Les personnes stigmatisées, soutient Goffman (1963), ne cessent de jongler à ce qu’elles doivent dévoiler sur elles-mêmes dans le but de « garder la face ». Ainsi, une question fondamentale et transversale à tous ces travaux sous cette perspective est celle qui consiste à comprendre « comment les personnes créent des réalités sociales significatives » (Musolf, 1992). Le but est de comprendre les comportements et les réinterprétations symboliques à l’intérieur de microcultures sociales (Anderson et Snow, 2001; Denzin, 1991; Musolf, 1992; Thomas, 1993), telle que celle des PUDI. Cette approche est particulièrement pertinente pour la problématique à l’étude qui se base sur les rencontres « face à face » avec l’observation participante et des entrevues formelles et informelles afin de comprendre les comportements dans des contextes sociaux particuliers (Musolf, 1992). Les premiers travaux de Lindesmith (1938), sociologue de l’École de Chicago, avaient pour objectifs de comprendre comment des personnes qui consommaient des opioïdes en venaient à se définir elles- mêmes comme des « addicts » (ou personnes dépendantes) ce qui a donné lieu à une meilleure compréhension du phénomène de dépendance (Campbell et Shaw, 2007). De plus, l’approche privilégiée par Goffman (1969) est celle de tenter d’adopter le point de vue des gens étudiés ce qui amène à une présence empathique et sympathique du chercheur sur le terrain de recherche et à

l’abandon des idées ou catégories préconstruites. En plus de la nécessité pour la chercheuse d’adopter le point de vue de la personne étudiée, une tension est préconisée entre sa posture en tant que personne de l’extérieur et une posture qui tente davantage de s’approcher de la réalité des personnes participantes à l’étude en s’imprégnant des environnements et contextes pour dégager et comprendre les interactions sociales (Poupart, 2011). Selon Anderson et Snow (2001), « l’interactionnisme symbolique fournit une richesse d’intuitions de même qu’une perspective théorique cohérente pour comprendre le fonctionnement du soi devant des processus sociaux et des interactions sociales produisant des inégalités et de l’exclusion » (p. 14). Pour toutes ces raisons, l’IS sert de cadre conceptuel à de nombreuses recherches dans les domaines de la dépendance et du VIH (Hobbs Leenerts, 2003; Rhodes et al., 2011; Roy et al., 2007; Roy et al., 2008) et se prête particulièrement bien aux études auprès de personnes marginalisées et victimes d’exclusion sociale (Anderson et Snow, 2001; Evergetti, 2011) ou considérées déviantes socialement (Poupart, 2011).

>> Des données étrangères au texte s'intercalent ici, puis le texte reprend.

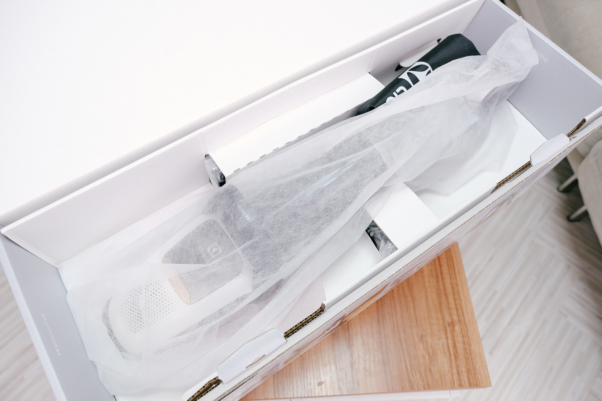 阿湯在收到吸塵器的時候,其實剛好當天就前往深圳出差去了,所以忍耐了四天回來連行季箱都還沒拿上樓,就先直奔管理室領取,迫不及待的想把玩伊萊克斯這款有著全新滑移設計的無線吸塵器,首先可以看到在外箱的設計上就可以看到,握把開孔是採用對角設計,因為吸塵器是長型的箱子,不論開在窄的二側或長的二側都不好拿,如果設計提把又很容易斷掉,像這樣的對角握把開孔就非常好搬動(如果家中有直立式洗衣機的朋友也可以注意一下,很多直立式洗衣機也是設計成對角握把方便搬運,重心更穩定)。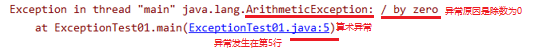 然后JVM将异常信息打印在控制台上(先不用关注其底层如何实现,知道是JVM在抛异常对象即可)。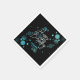 A modern, stylish and glamorous birthday napkin. This design features a vibrant typography "Happy Birthday" with blue gradient bokeh on a black background. Personalize and add your party details. Make your milestone birthday an extraordinary event!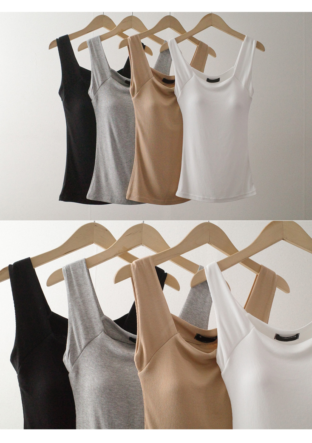 Square corrugated bra cap sleeveless-4color, full of rayon spandex, built-in cap-wear comfortably in 4 seasons - Styletiva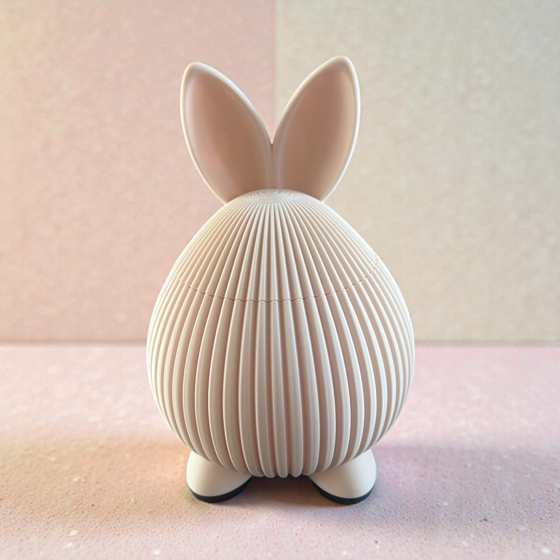Diese dekorative Aufbewahrungsdose im Hasendesign verbindet modernes 3D-Druck-Design mit verspielter Oster- und Frühlingsoptik. Die feine Rillenstruktur sorgt für eine hochwertige, besondere Haptik und macht die Dose zu einem echten Hingucker auf Tisch, Sideboard oder im Regal.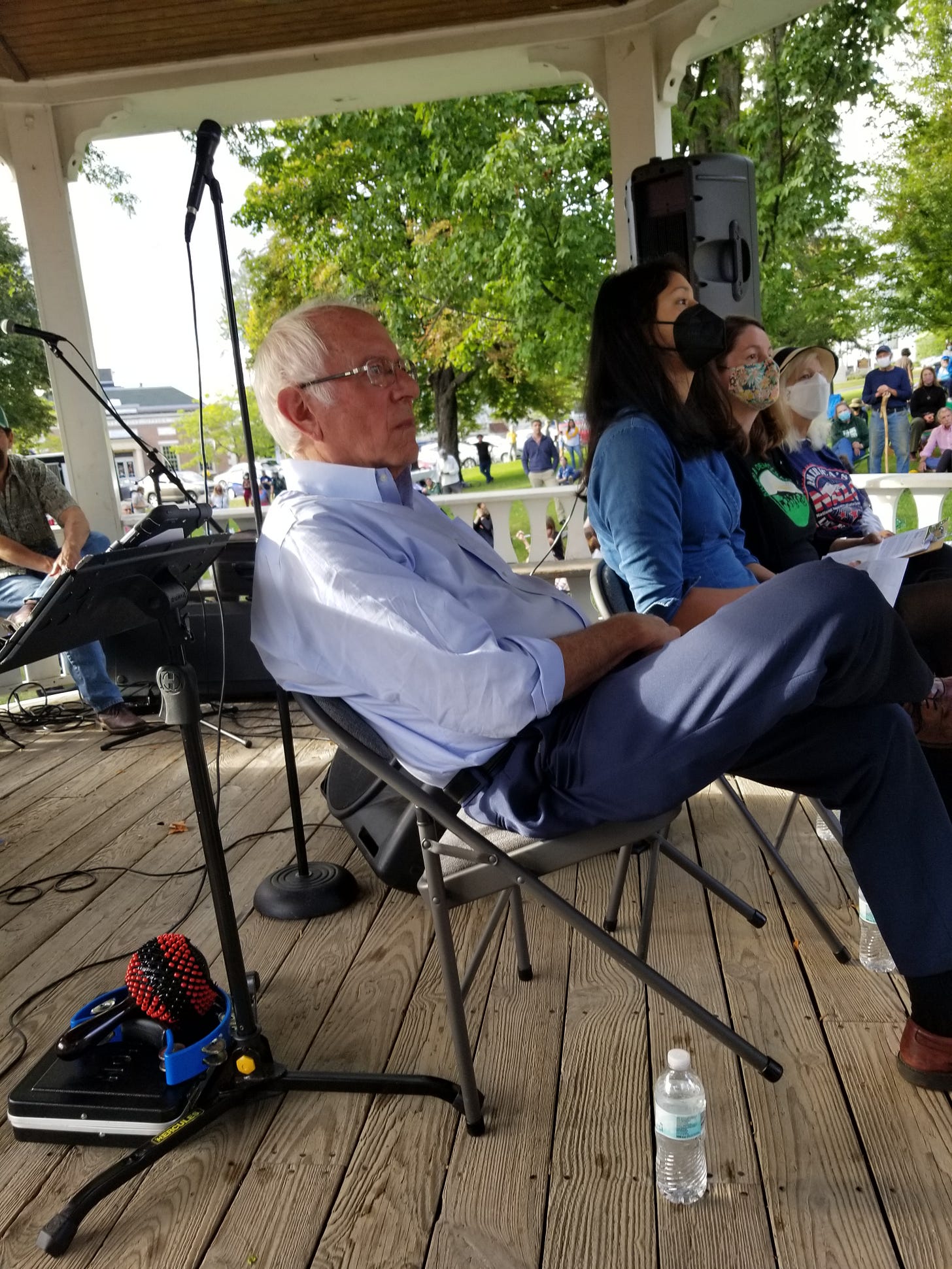 So Sanders has embarked on a nationwide speaking tour to build support, mostly in the crucial states of the Midwest. But for many years he has crisscrossed his own state of Vermont on Labor Day, ending up on the Green in Middlebury for a rally, and this year was no exception. I was there with him earlier this evening, to give a short speech of my own backing his plans and to listen as he explained to a crowd that spread out on the prototypical New England common exactly why the next few weeks were so important. (And also to interview him very briefly for the short pep talk recorded above).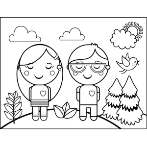 Teenagers in Love Printable Coloring Page, free to download and print. The two teenagers in this printable couple coloring are dressed alike and love each other and nature.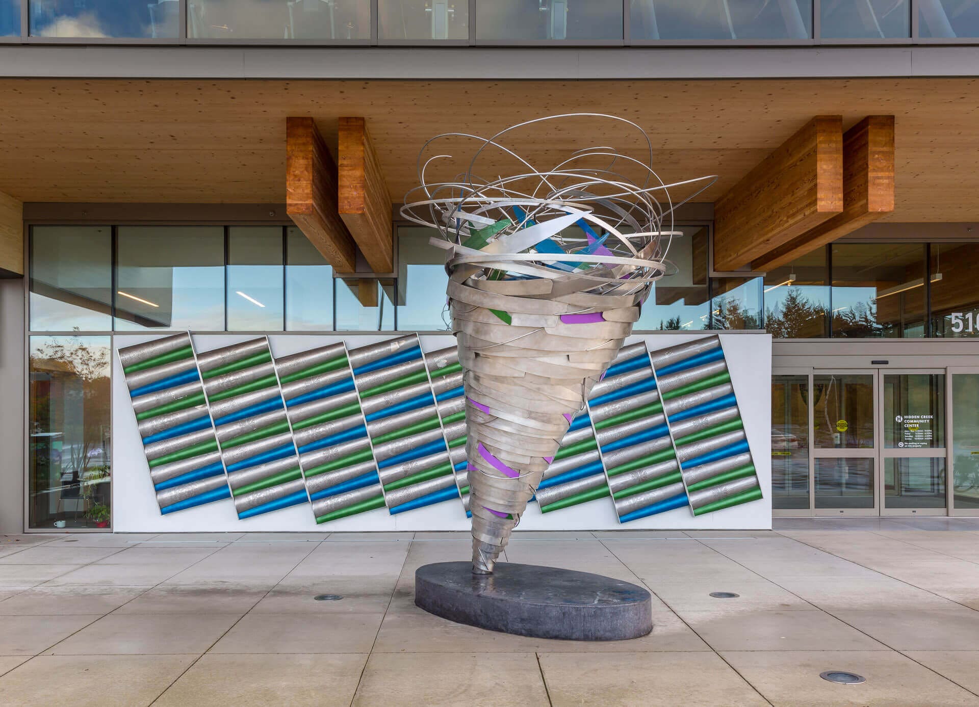 Hillsboro, Oregon, is a vibrant and growing city that boasts a rich cultural and artistic heritage. Artwork plays a crucial role in the city’s identity and has contributed to its reputation as a destination for tourists and art enthusiasts alike. From public murals and sculptures to galleries and events, Hillsboro’s art scene is one of its most valuable assets. In Hillsboro, the artistic community has created a shared cultural experience accessible to everyone. From children to adults, art has something to offer everyone. Public murals and sculptures can be enjoyed by anyone passing by, while galleries and events provide an opportunity for a deeper engagement with the art and artists. One such artwork commissioned by the City of Hillsboro welcomes visitors to the front entrance of the Hidden Creek Community Center.
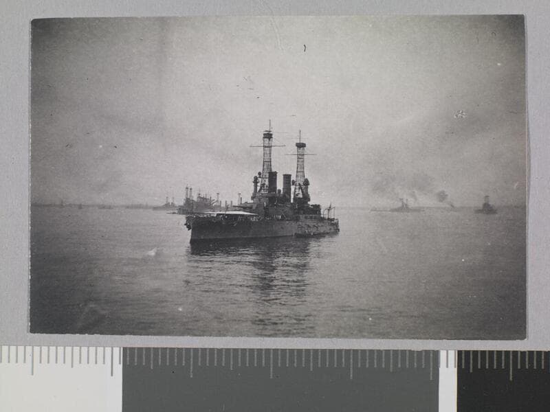 Several US battleships out in open water off the coast of Veracruz, Mexico.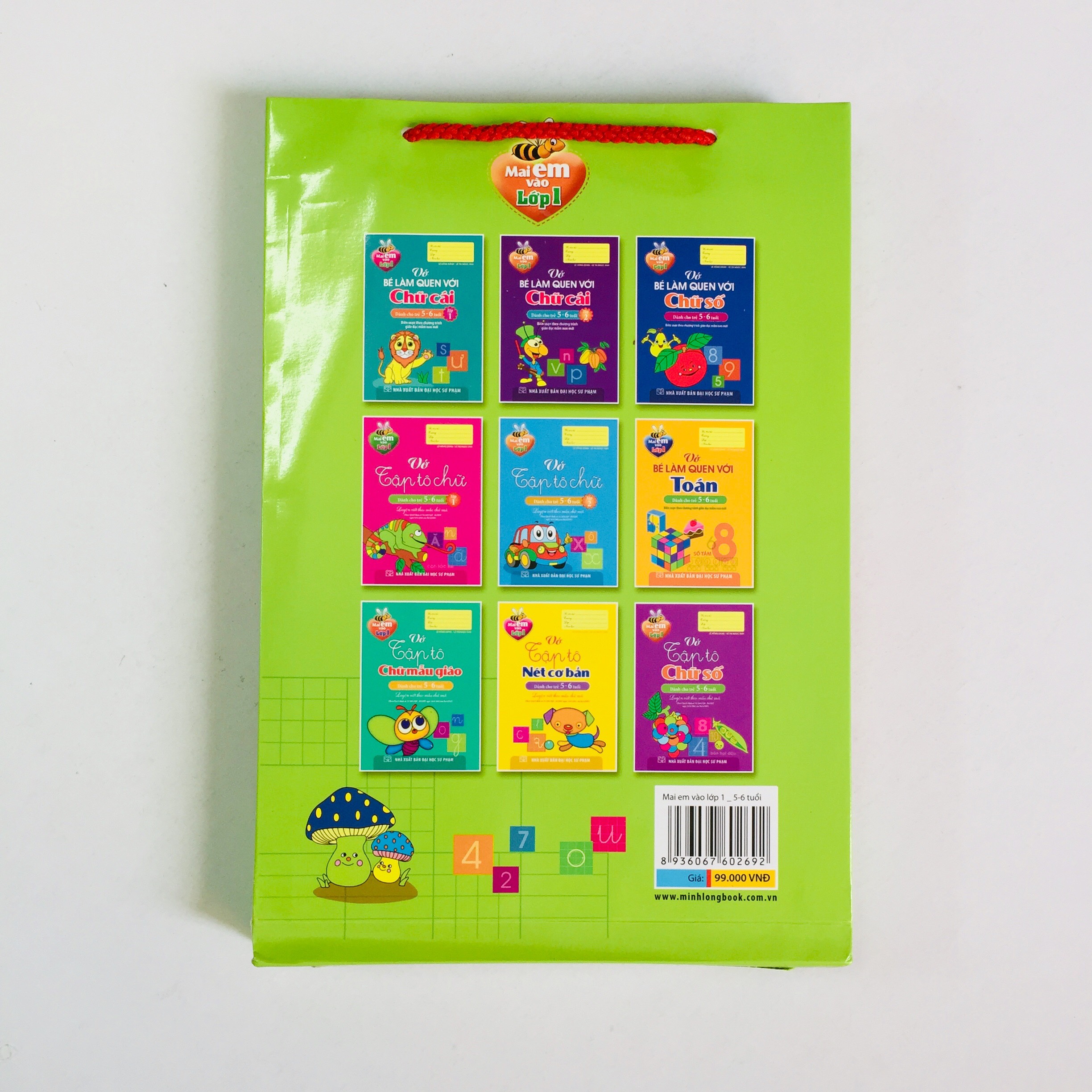 Túi bao gồm 9 cuốn, mỗi cuốn mang một chủ đề khác nhau hướng dẫn các em làm quen với các khái niệm toán học đơn giản và các phép tính trong phạm vi 10; đồng thời rèn luyện khả năng quan sát, phát triển tư duy thông qua các trò chơi thú vị. Các mẫu chữ trong bộ sách đều là mẫu chữ mới do Bộ Giáo dục và Đào tạo quy định, hiện đang được áp dụng trong các trường tiểu học trên toàn quốở tập tô cho bé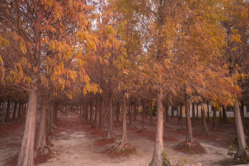 雖然叫作落羽松,但其實是杉樹的一種,原產於美國,但為甚麼不叫作落羽杉而稱作落羽松呢?原來台灣的落羽松是日治時期由日本引入到台灣,因此源用日文漢字寫法,稱為落羽松。而落羽松又稱為美國水松,所以有水賞和陸賞兩種,水賞的時候像濕地一樣,將樹根沉沒在水中,還有養魚。而陸賞的時候,紅葉散落,成為一大片厚厚的地毯。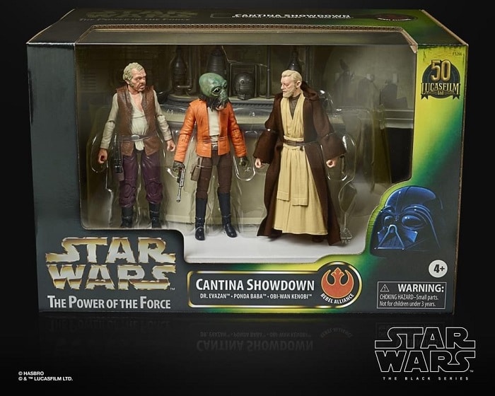 The first time we ever saw a lightsaber in action (Luke lighting it up in Ben Kenobi’s place doesn’t count) was in the cantina on Tatooine. It was there that Kenobi lopped off Ponda Boba’s arm in defense of a young Luke Skywalker. Now you can relive the scene in 6″ fashion as Hasbro Pulse announced a Cantina Showdown playset, among other Star Wars offerings! The new playset will be part of its exclusive Hasbro Pulse Con 2021 offerings. (The event will take place later this year.) There’s no price listed yet, but expect to open up the wallet. The Cantina Showdown playset includes three, 6″ Black Series figures and the cantina bar. Joining Obi-Wan Kenobi are Dr. Evazan and Ponda Boba (with arm intact).

Selon l’approche de l’IS, les interactions sociales courantes donnent lieu à l’intégration, l’interprétation et la transformation des représentations sociales dominantes. Le sens se crée au travers des interactions sociales puisque « la réalité sociale n’est pas la répétition d’un modèle, mais une permanente construction sociale » (Le Breton, 2008, p. 59). Ainsi, il est préconisé d’aborder les personnes avec des questions portant sur des concepts « sensibles » (« sensitizing » en anglais) (Blumer, 1969). La « santé » et le « prendre soin de soi » sont donc dans le cadre de cette étude, des concepts sensibles, c’est-à-dire, qu’ils sont larges et omniprésents et permettent une réelle incursion dans les représentations sociales, les processus de socialisation, les intersubjectivités et les significations que les gens donnent à leur expérience. Cette perspective s’attarde davantage au sens et aux significations (ou à la « symbolique ») que les personnes donnent à leur expérience.